To measure the effect of a particular context, two individual metrics were defined: 1) a weight matrix (WM) that includes the importance level of each feature of context; and 2) a relevancy matrix (RM) that indicates the degree of similarity of each feature in the first context with the corresponding one in the second context. The WM is a 1 ∗n matrix, where n is the number of FOCET context features and matrix entry w
i
is in [0, 1]. The RM is an n ∗1 matrix where matrix entry v
i
is in [0, 1] and refers to the degree of importance of the corresponding feature. For example, an agent, called B1, may consider the “fast-enough” delivery of a specific transaction very important and uses 0.9 as the corresponding value in its WM. Similarly, another agent, called B2, may also consider the “fast-enough” delivery of another transaction very important and uses 0.9 as the corresponding value in its WM. However, for B1, “fast enough” means: within one week. On the other hand, for B2, “fast enough” means: within one day.
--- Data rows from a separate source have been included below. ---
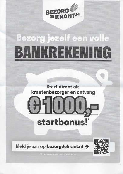 In de komende dagen komen we weer bij u langs om de envelop voor de vrijwillige bijdrage op te halen.
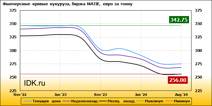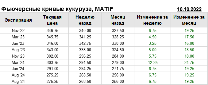 На 10.10.2022 стоимость кукурузы на бирже MATIF по контракту Nov ’22 составила 346.75 евро за тонну. За прошедшую неделю стоимость кукурузы на европейской площадке выросла на 6.75 евро/тонна. Как мы видим на графике, фьючерсная кривая имеет периоды, когда более дальний фьючерс дешевле ближнего. Состояние бэквардации наблюдаем на следующих контрактах: Mar ’23; Aug ’23; Nov ’23; Jun ’24; Aug ’24. Таким образом, трейдеры предполагают, что возможно превалирование предложения над спросом в указанные периоды.
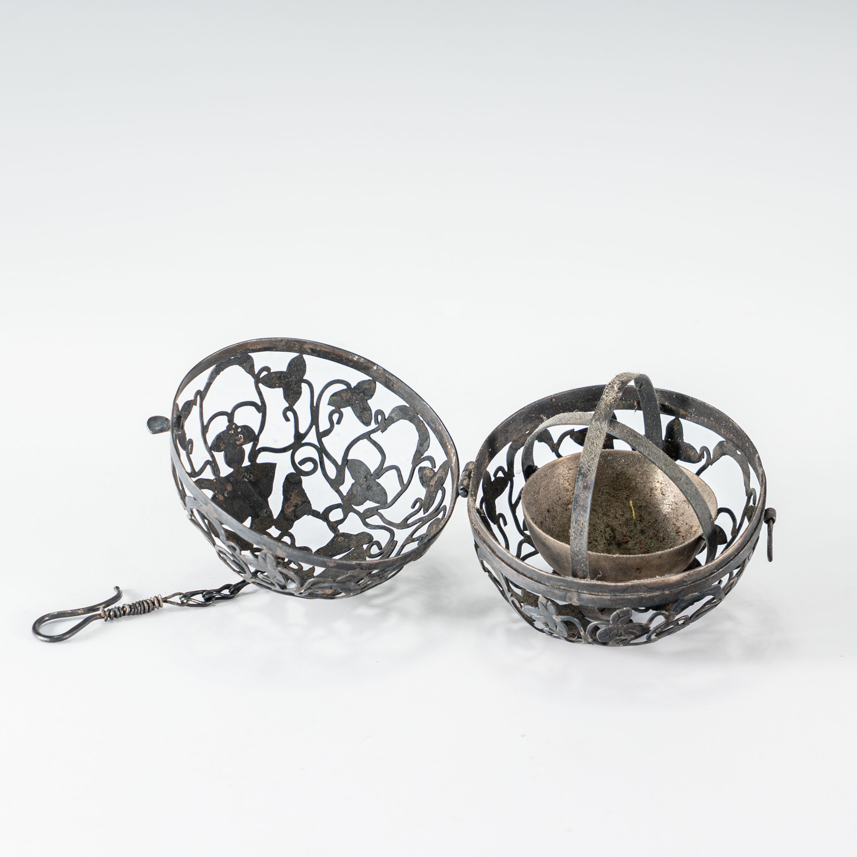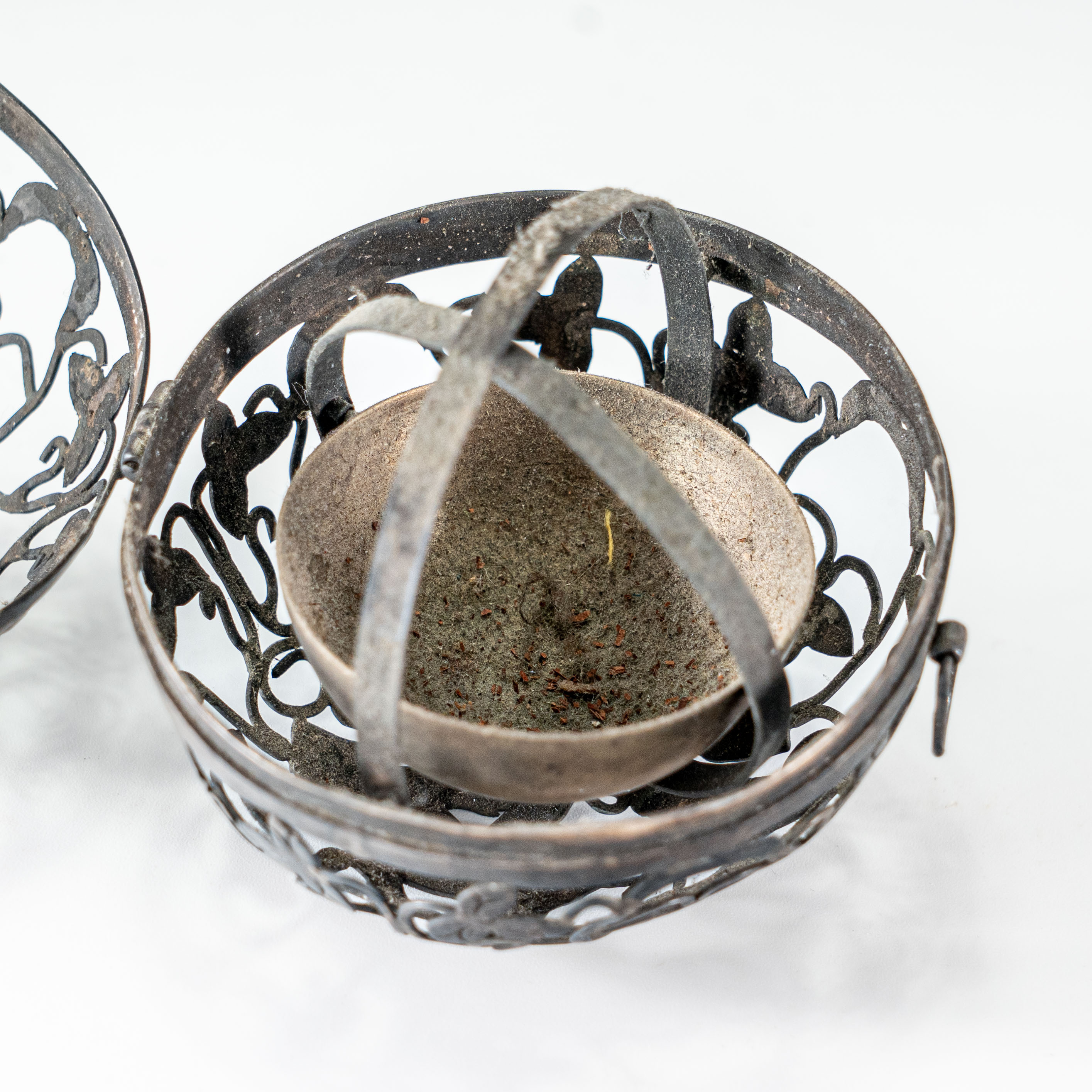 核心部分为银制球形香薰,采用高超的镂空透雕工艺,满绘缠枝莲花鸟纹饰。缠枝莲纹绵延不绝,象征生生不息;花间点缀的禽鸟姿态灵动,细节刻画入微,展现了中国传统金银细工的巅峰水准。球体内部精巧的机械构造(持平环),确保无论外球如何转动,内里的香盂始终保持水平,极具科学巧思与趣味性。
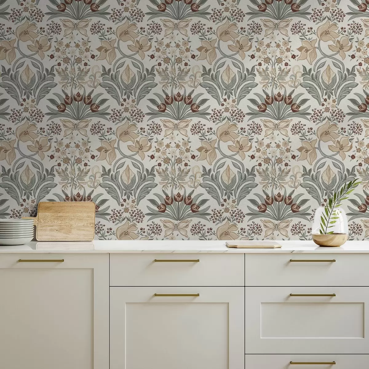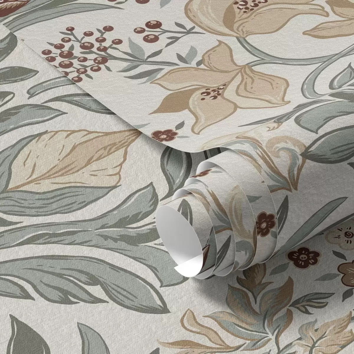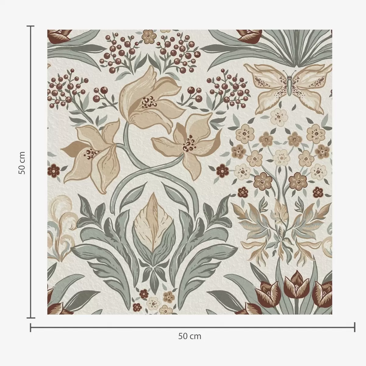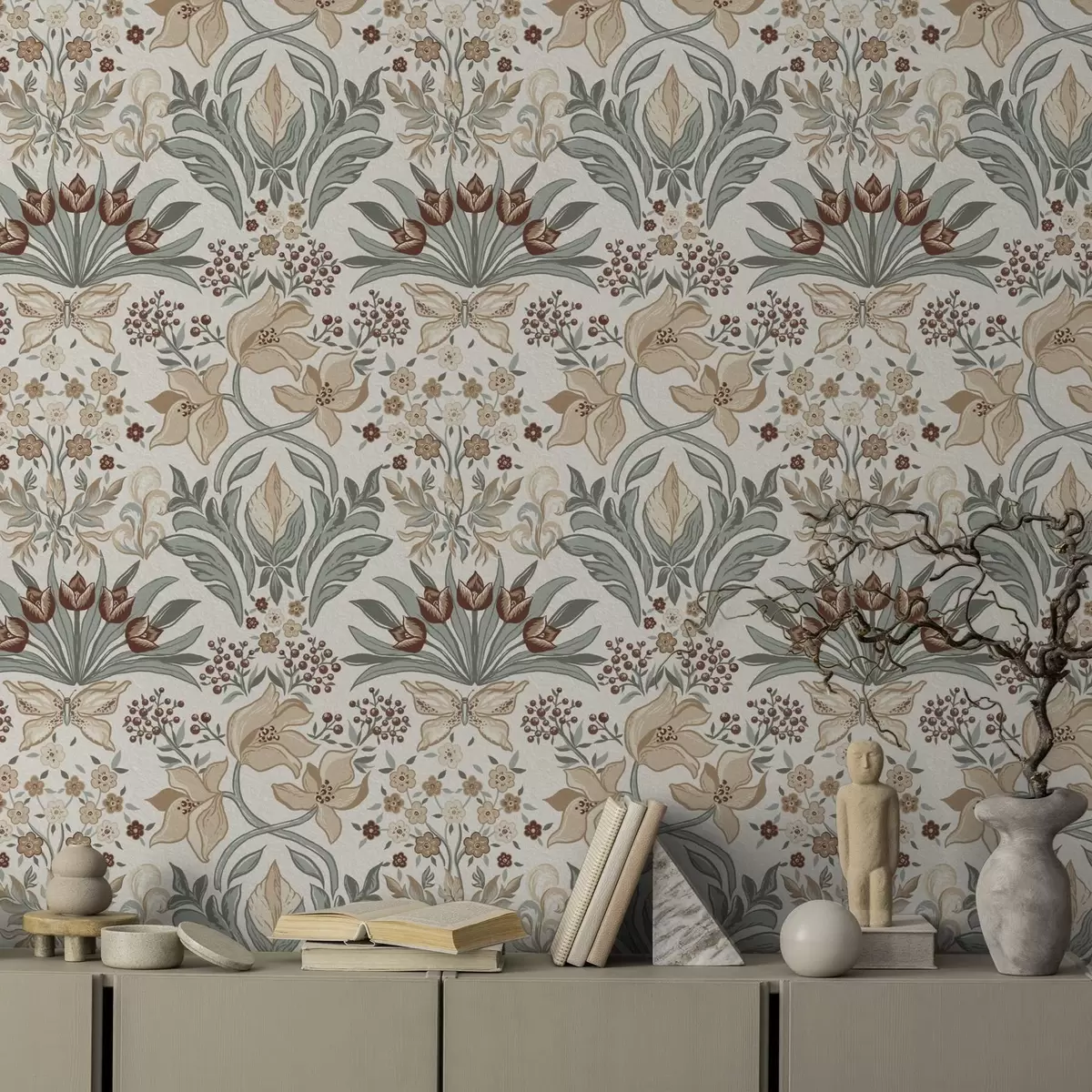 Papel tapiz Lirios decorativos y una mariposa sobre fondo crema Nr. a00500

Therefore, B1 will use a lower value for “delivery time” feature in its RM (e.g. 0.2) whereas, B2 will use a higher value for “delivery time” feature in its RM (e.g. 0.7).
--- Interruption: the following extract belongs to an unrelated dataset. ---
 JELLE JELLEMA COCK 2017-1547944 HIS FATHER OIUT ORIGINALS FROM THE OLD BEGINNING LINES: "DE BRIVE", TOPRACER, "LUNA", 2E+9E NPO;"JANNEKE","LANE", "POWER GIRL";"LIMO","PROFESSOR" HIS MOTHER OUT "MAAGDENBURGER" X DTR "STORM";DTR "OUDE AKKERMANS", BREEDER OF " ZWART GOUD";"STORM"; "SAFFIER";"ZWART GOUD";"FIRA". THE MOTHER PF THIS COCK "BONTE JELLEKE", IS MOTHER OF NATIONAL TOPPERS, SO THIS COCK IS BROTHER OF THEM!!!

Given the WM and RM matrixes, the influence of the context of the direct interaction between the witness agent and the TE in which the trustworthiness of the TE is estimated, known as the context effect factor (CEF), is computed in [
28] by
$$ CEF=\frac{\sum_{i=1}^{n}(1-w_{i})+w_{i}*v_{i}}{n} $$
(1)
TRs subjectively specify a degree of decay p (0 ≤ p ≤ 1) that is based on their policies in order to reduce the influence of the old trustworthiness estimation information adaptively. Time decaying is used to emphasize that utility gain (UG) from recent transaction weigh more compared to UG from old transactions if they have the same absolute value [
28].
$$ CEF^{'}=e^{(-\text{p\ensuremath{\Delta}}t)}CEF $$
(2)
where △t indicates the time elapsed since previous interactions took place and can be determined according to the temporal factor concept in FOCET.
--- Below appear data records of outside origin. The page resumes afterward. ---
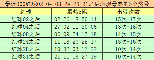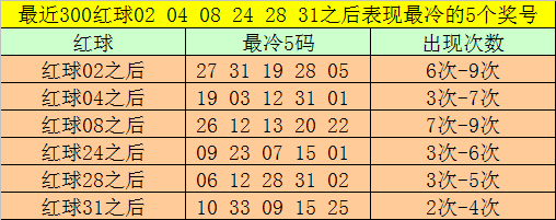 红球冷码统计:双色球第2025116期开出红球奖号分别为:02、04、08、24、28、31,在最近300期开奖中,各号码出现之后其下期出现最少的5个红球分别为:
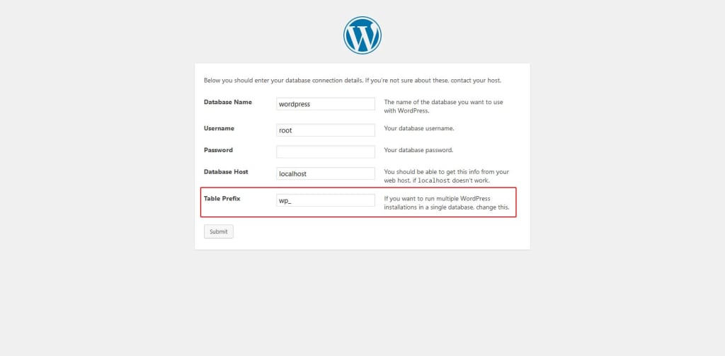 We need to enter all the details related to the database here only thing we need to change is Table Prefix. By default, the WordPress table prefix is (wp_). We can change it according to our requirements like below.
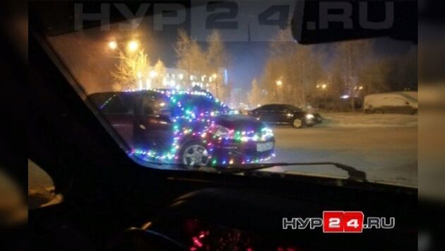 В преддверие Нового года некоторые автомобилисты пытаются создать себе и окружающим праздничное настроение, украшая машины. Одно из таких оригинальных авто, сражу же прозванное пользователями Сети «гирляндомобиль», на днях заметили на улицах Ноябрьска (Ямало-Ненецкий АО).
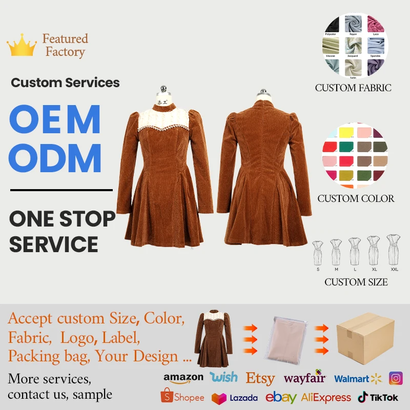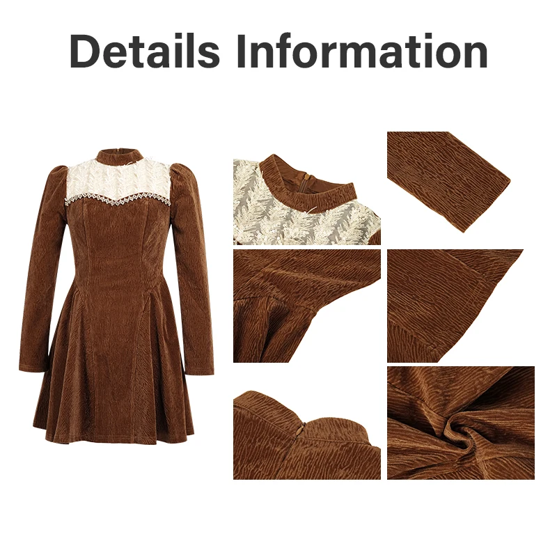 ZYHT 21916 Vintage Style Dress Brown Mini Dress with White Lace High Neck & Long Puff Sleeves Dresses
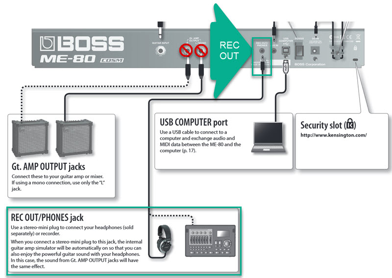 Referring to page three of the Boss ME-80 Users Guide. Boss ME 80 Users Guide
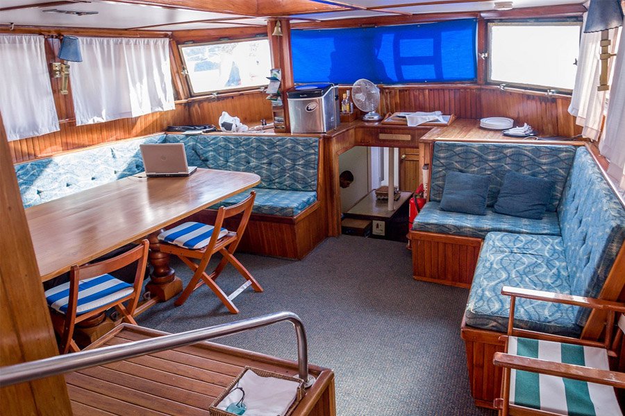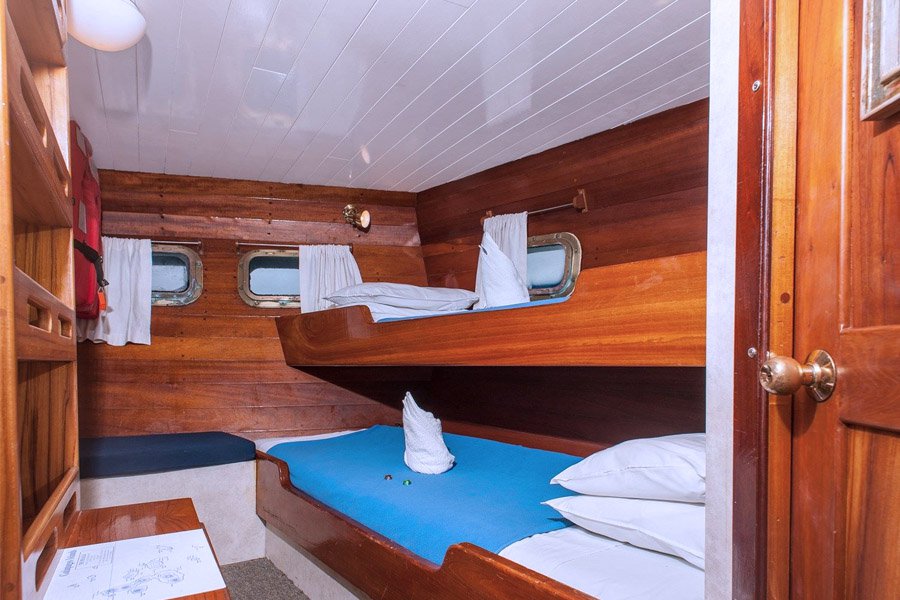 The Beagle is named after HMS Beagle, in which Charles Darwin made his famous voyage to the Galapagos Islands, and later wrote his theory of evolution based on his findings in this extraordinary archipelago. A magnificent 105-foot twin screw steel-hulled brigantine with teak decks and beautifully designed interiors, The Beagle is in a class by itself among sailing yachts in the Galapagos. She was built by Cubow Ltd. in Woolwich, England, in the 1970’s and registered with Lloyd’s (number Y 195095), but her designer is unknown. She’s been a charter vessel in the Islands for over a decade and has been substantially refurbished under her current ownership. You will feel the sensation of space aboard the Beagle for kicking back and relaxing between your unforgettable visits on land. The saloon offers a small library of Galapagos literature, and a selection of games. All around the wide decks, comfortable seating allows you to choose sunshine or shade for lounging and observation. Breakfast, lunch and dinner are served on board with the exception of the day you visit Puerto Ayora, when you will enjoy a meal in the highlands of Santa Cruz. Meals blend Ecuadorian and continental cuisine and are served on deck or in the saloon. Coffee and tea are available on deck, cold drinks including beer and a selection of wine and cocktails you may purchase from a well stocked bar. Refreshing snacks, especially at teatime, round out your daily menu

A common issue with RL based trust models that TRs do not quickly recognize the environment changes and adapt with new settings. To address this shortcoming, DTMAS uses a technique similar to regret described in [
24] in order to improve the model responses to dynamic changes in the system. We propose suspending the use of a TE as a response to unsatisfactory transaction with the TE. The suspension is temporary, and its period increases as the transaction importance increases. Similar to regret [
24], it represent an immediate reaction of a TR when it is not satisfied with an interaction with a TE. However, unlike the use of regret in [
24], TRs do not depend of any expressed feel of sorry from TEs. Furthermore, suspension is more aggressive. No interactions with suspended TEs as long as it is suspended. On the other hand, while forgiveness is used to reduce the effect of regret in [
24], our suspension decays with time only. This is to avoid being mislead by false feel of sorry expressed by the TE, and to allow the effect of accidental misbehavior to phase out, and to magnify the effect of a behavior change as testimonies form witnesses are aggregated. Furthermore, DTMAS integrates context-dependency of third party testimonies [
28] together with reinforcement learning for MASs. Similar to [
13,
15,
27] DTMAS defines a way to locate a set of witnesses to consult for indirect trust information. Like [
15], using DTMAS a TR does not create a trust graph, as in [
27], and therefore may quickly evaluates the TE’s trust value using a relatively small number of transactions. Unlike existing trust models, DTMAS uses of a semi-hierarchical structure for MASs, coupled with the notion of the “small world” [
5] to help reducing the communication overhead associate locating witnesses.